Due to the changes implemented in the country’s health policy under the Affordable Care Act, the overall health of American citizens has attained a considerable improvement over the last decade. Despite this, a cross-section of Americans has not benefited from advancements in terms of access to care services, technology, and prevention interventions. In fact, studies have established the correlation between race/ethnicity and health differences. For instance, African American babies are more susceptible to experience morbidity within their first year in contrast to white babies. Similarly, race and ethnicity also contribute to health disparities among the members of the Hispanic population with respect to diabetes and HIV/AIDS. Due to the differences in care and prevention, it is imperative to necessitate the implementation of health interventions aimed at addressing disparities associated with HIV and diabetes among Hispanics.
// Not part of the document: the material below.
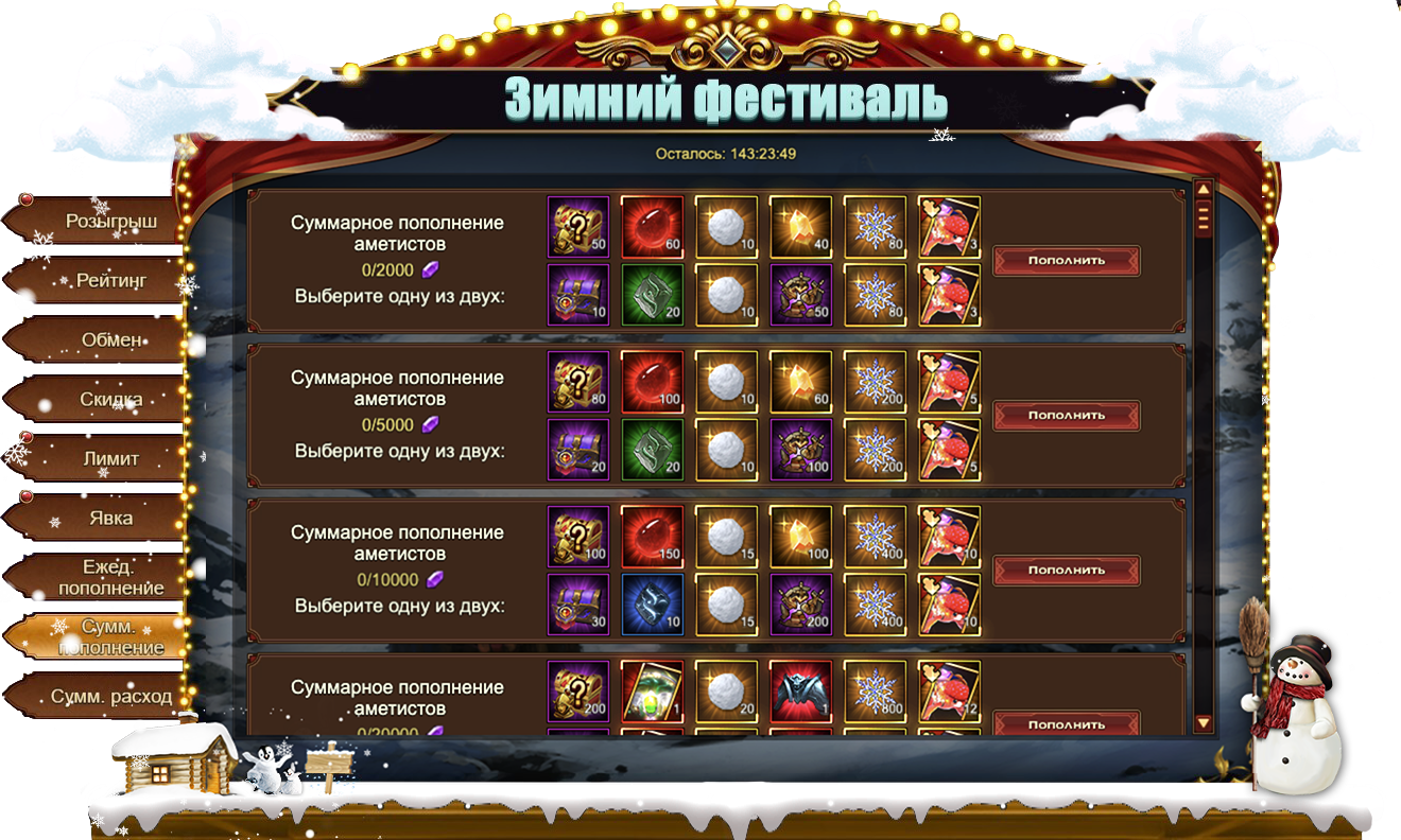 Обратите внимание, для активации скидки необходимо выполнить условие из первого столбца. Например, на скриншоте ниже, для приобретения со скидкой набора из 10 Снежинок и 10 Снежков необходимо пополнить счет на 1000.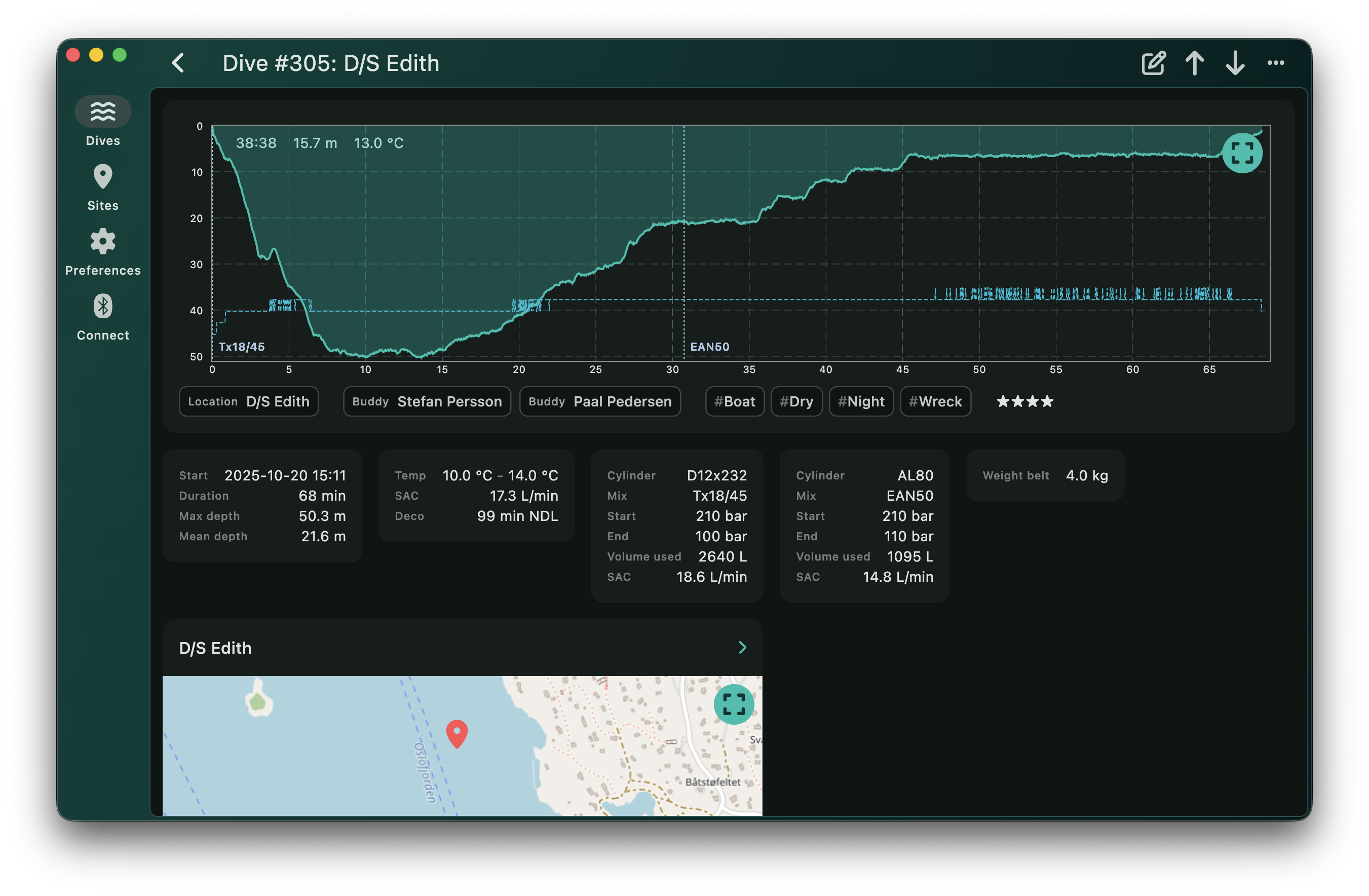 - Manage dives and dive sites, with tags, ratings, and descriptions

The Viva la Vida Project: Addressing Disparities in Diabetes Management

One of the programs developed for addressing disparities in terms of the implications of diabetes among the Hispanic population involves the Viva la Vida Project. Accordingly, the program – which literally stands for Live Your Life – is focused largely on older Hispanics who are more susceptible to the threat of acquiring diabetes. The program, which was developed by a Medicare organization called Lumetra, focuses specifically on the improvement of care interventions provided to Latino seniors that suffer from diabetes in an effort to address the discrepancies that affect the respective populace from receiving adequate health services (Olson, Sabogal, & Perez, 2008). The program in question targets healthcare facilities and providers as well as persons that benefit from the Medicare scheme via low-literacy, bilingual health education paraphernalia, interventions, provider and community partnerships, as well as media organizations. In respect to its focus on the management of diabetes among older Hispanic citizens, the Viva la Vida program has been successful in enabling the reduction of the disparities evidenced in the testing of glycosylated hemoglobin among Hispanic and white Medicare beneficiaries.

The success of the Viva la Vida program is primarily based on the way it recognizes the implications of management interventions focused on diabetes among members of the Hispanic population. Generally, the Centers for Medicare and Medicaid Services (CMS) has engaged in the financing of quality improvement entities within each state in an effort to observe and decrease health-based disparities within the Medicare populace. Essentially, the program concentrates on ensuring that patients from underserved populaces attain the best possible care at the proper time. In this respect, California’s quality improvement organization, Lumetra, developed the respective project to enhance diabetes care services for Hispanic Medicare recipients and reduce the differences in yearly glycosylated hemoglobin testing levels between Hispanic and white beneficiaries across four counties (Olson et al., 2008). Usually, tests conducted on the levels of glycosylated hemoglobin tend to determine how a patient’s diabetes is being managed over time. As such, based on these evaluations, the program’s inclination towards the respective ethnic group was based on their high susceptibility towards the attainment of diabetes and related complications.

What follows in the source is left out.